There are multiple ways to run periodic jobs in AWS. In this post, I’m going to share a few options that I have successfully used in the past. None of these require long-term infrastructure, and you will only pay for the resources you use during the job runs. My goal here is to share several options so that you can choose the best one to fit your needs.
CloudWatch Events + Lambda
To do this, create a CloudWatch Rule and select “Schedule” as the Event Source. You can either use a cron expression or provide a fixed rate (such as every 5 minutes).
Next, select “Lambda Function” as the Target. You should be able to choose your Lambda from the drop down and even provide custom JSON as input to the Lambda function call.
I usually name my CloudWatch rules based on their schedule (ex. EVERY_15_MIN or MIDNIGHT_CST) and have multiple targets attached to them. This helps me easily look up all jobs that run on a particular schedule.
ECS Scheduled Tasks
This option requires that the code be packaged as a Docker container and does not have the time limitations of Lambda invocations. Otherwise, it’s pretty similar to the CloudWatch Events + Lambda option.
Next, create a Task Definition in Amazon Elastic Container Service (ECS) using Fargate as the launch type. Task Definition is where you will provide the parameters for the task — image, environment, command etc.
You could also use Amazon Elastic Compute Cloud (EC2) as the launch type if you already have a running ECS cluster. This would be ideal if you have capacity on the cluster to run the job. But if this is not an option, Fargate will let you run containers without managing servers, and you will only pay for the resources (CPU and memory) that the job uses.
To schedule the job, you can use CloudWatch as we did above (just choose “ECS task” as the target instead of Lambda). You could also go into the “default” cluster in ECS (which is created for you when you first start using ECS) and schedule it from the “Scheduled Tasks” tab. This second option still creates a CloudWatch rule, but it makes it easier to create from the ECS console.
CloudWatch Events + Lambda + EC2
This is a great option if you can’t (or don’t want to) package your code as a Lambda or Docker container and would like to use an EC2 instance that starts up and shuts down when the job is done.

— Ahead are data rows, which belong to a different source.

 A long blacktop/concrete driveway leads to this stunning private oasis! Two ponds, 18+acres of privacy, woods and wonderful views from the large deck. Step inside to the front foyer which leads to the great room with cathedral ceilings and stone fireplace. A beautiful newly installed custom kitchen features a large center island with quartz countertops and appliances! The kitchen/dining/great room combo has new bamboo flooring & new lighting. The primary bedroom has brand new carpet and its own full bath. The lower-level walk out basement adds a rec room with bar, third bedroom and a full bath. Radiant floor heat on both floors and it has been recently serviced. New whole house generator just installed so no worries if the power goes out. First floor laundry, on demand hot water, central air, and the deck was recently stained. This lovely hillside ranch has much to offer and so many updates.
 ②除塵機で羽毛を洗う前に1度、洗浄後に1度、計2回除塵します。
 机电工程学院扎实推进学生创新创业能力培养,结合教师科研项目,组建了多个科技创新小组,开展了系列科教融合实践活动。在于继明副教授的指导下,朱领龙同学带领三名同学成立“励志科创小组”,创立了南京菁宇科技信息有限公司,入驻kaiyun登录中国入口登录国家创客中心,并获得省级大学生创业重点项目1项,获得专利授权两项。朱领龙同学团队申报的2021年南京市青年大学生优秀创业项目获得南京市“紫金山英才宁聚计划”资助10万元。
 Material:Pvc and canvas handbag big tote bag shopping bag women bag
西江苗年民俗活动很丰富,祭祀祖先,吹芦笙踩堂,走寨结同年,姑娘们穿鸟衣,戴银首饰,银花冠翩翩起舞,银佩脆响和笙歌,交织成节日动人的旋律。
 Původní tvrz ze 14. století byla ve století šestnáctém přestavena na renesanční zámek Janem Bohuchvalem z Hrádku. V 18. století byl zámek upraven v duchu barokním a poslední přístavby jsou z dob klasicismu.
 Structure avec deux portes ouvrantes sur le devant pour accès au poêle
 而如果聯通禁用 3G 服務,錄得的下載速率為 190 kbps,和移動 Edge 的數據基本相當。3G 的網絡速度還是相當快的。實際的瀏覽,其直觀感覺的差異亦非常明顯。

EC2 has a feature called “user-data” that runs user-provided scripts on launch that can kick the job off. The trick is shutting down the instance once the job is complete. The last thing the script should do after finishing the job is terminating the instance.
To recap, use a CloudWatch Rule to kick off a Lambda. This will launch an EC2 instance with “user-data,” which will contain a Base64-encoded script that runs on the instance when it’s started. This script will run the job and terminate the instance once it’s done.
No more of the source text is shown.